Here, we perform inverse modeling on a 1D thermal model for illustration. The model assimilates temperature observation to update its parameters (i.e., flow flux, porosity, and thermal conductivity). For now, the ensemble Kalman filter (EnKF) is used for assimilation.

<a id='parameter'></a>
# Configuration

In [1]:
import re
import pickle

In [2]:
# Directories
obs_kind_dir    = '../obs_kind/'        # Directory for defining default DART generic quantity  
obs_type_dir    = '../obs_type/'        # Directory for mapping observation variable with DART generic quantity
utils_dir       = '../utils/'           # Directory for utility files
work_dir        = '../work/'            # Directory for compiling and running DART files
pflotran_in_dir = '../pflotran_input/'  # Directory for saving PFLOTRAN input files
pflotran_out_dir= '../pflotran_output/' # Directory for saving PFLOTRAN output files
dart_data_dir   = '../dart_inout/'      # Directory for saving DART in-out files

# DART file names
def_obs_kind   = obs_kind_dir+'DEFAULT_obs_kind_mod.f90'   # The default DART generic quantity file
obs_type       = obs_type_dir+'obs_def_pflotran_mod.f90'   # The map between DART generic quantities and observation variables
input_nml      = work_dir+'input.nml'                      # The input namelists used by DART programs
input_nml_dict = work_dir+'inputnml.p'                     # The pickle file for saving input namelists in dictionary format

# PFLOTRAN file names
pflotran_sh   = utils_dir+'pflotran.sh'                                 # Script for running PFLOTRAN
pflotran_exe  = '/Users/jian449/Codes/pflotran/src/pflotran/pflotran'   # Location of the executable PFLOTRAN file
pflotran_in   = pflotran_in_dir+'pflotran.in'                           # PFLOTRAN input deck file
pflotran_para = pflotran_in_dir+'parameter.h5'                          # PFLOTRAN parameter HDF file
pflotran_out  = pflotran_out_dir+'R[ENS].h5'                            # PFLOTRAN output HDF filename template for each ensemble [ENS]

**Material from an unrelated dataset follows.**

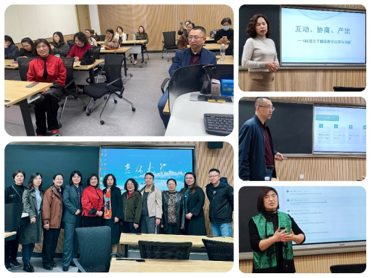 为提高翻译教学效果,打造高效、互动的翻译课堂,2024年10月17日下午,我院英汉翻译基础教学团队在逸夫教学楼102成功组织了教学研讨活动。本次会议由于丁丽蓉教授主持,赵金宇老师担任主讲人,全体翻译课程教学团队教师积极参与。本次活动旨在讨论如何基于OBE理念,设计以学生为中心,以成果为导向的翻译课程教学模式,持续提高翻译教学效果。

# Data file names, including observations and model input/output
obs_original = pflotran_in_dir+'temperature.csv'          # The original observation file in CSV format
obs_nc       = pflotran_in_dir+'obs_pflotran.nc'          # The converted observation file in NetCDF format
obs_dart     = dart_data_dir+'obs_seq_pflotran.out'       # The converted observation file in DART format
dart_prior_nc= dart_data_dir+'prior_R[ENS].nc'            # The NetCDF filename template for DART's prior data of each ensemble [ENS]
dart_prior_template = re.sub(r"\[ENS\]",'template',dart_prior_nc)  # The NetCDF filename for DART
dart_input_list = dart_data_dir+"filter_input_list.txt"   # The list of DART prior files for all ensembles
dart_output_list = dart_data_dir+"filter_output_list.txt" # The list of DART posterior files for all ensembles

# Some shell scripts or executable files
convert_nc              = work_dir+'convert_nc'           # The executable file to convert observation from NetCDF to DART formats
compile_convert_nc      = work_dir+'dart_seq_convert.csh' # Shell script for generating the executable file to convert observation from NetCDF to DART formats
compile_model_check_mod = work_dir+'check_model_mod.csh'  # Shell script for checking model_mod.F90 file
run_filter              = work_dir+'run_filter.csh'       # Shell script for running DART filter and PFLOTRAN
advance_model           = work_dir+'advance_model.csh'    # Shell script for forward simulation of PFLOTRAN

# Utility file names
csv_to_nc          = utils_dir+'csv2nc.py'                  # Python script for converting raw observation to NetCDF file
to_dartqty         = utils_dir+'list2dartqty.py'            # Python script for reading a list of variable names and adding new DART quantities      
prep_pflotran_in   = utils_dir+'prepare_pflotran_inpara.py' # Python script for preparing PFLOTRAN.in and parameter.h5 files
prep_convert_nc    = utils_dir+'prepare_convert_nc.py'      # Python script for preparing convert_nc.F90 script
prep_prior_nc      = utils_dir+'prepare_prior_nc.py'        # Python script for preparing the prior NetCDF files for DART
prep_inputnml      = utils_dir+'prepare_input_nml.py'       # Python script for preparing the input.nml file

In [3]:
# MPI settings
mpi_exe = '/usr/local/bin/mpirun'  # The location of mpirun
ncore   = 1                        # The number of MPI cores used

In [5]:
# Data assimilation configurations
# More need to be added...
# And later on, these DA setting can be saved in a txt or pickel file for further loading
# obs_timestep  = 300.0  # second
obs_resolution  = 300.0  # second
obs_error     = 0.1    # observation error
spinup        = 1      # whether model spinup
spinup_length = 0.5    # spinup time (day)
nens          = 30     # number of ensembles

# Assimilation time window time_step_days+time_step_seconds
time_step_days    = 0   # assimilation time window/step (day)
time_step_seconds = 600 # assimilation time window/step  (second)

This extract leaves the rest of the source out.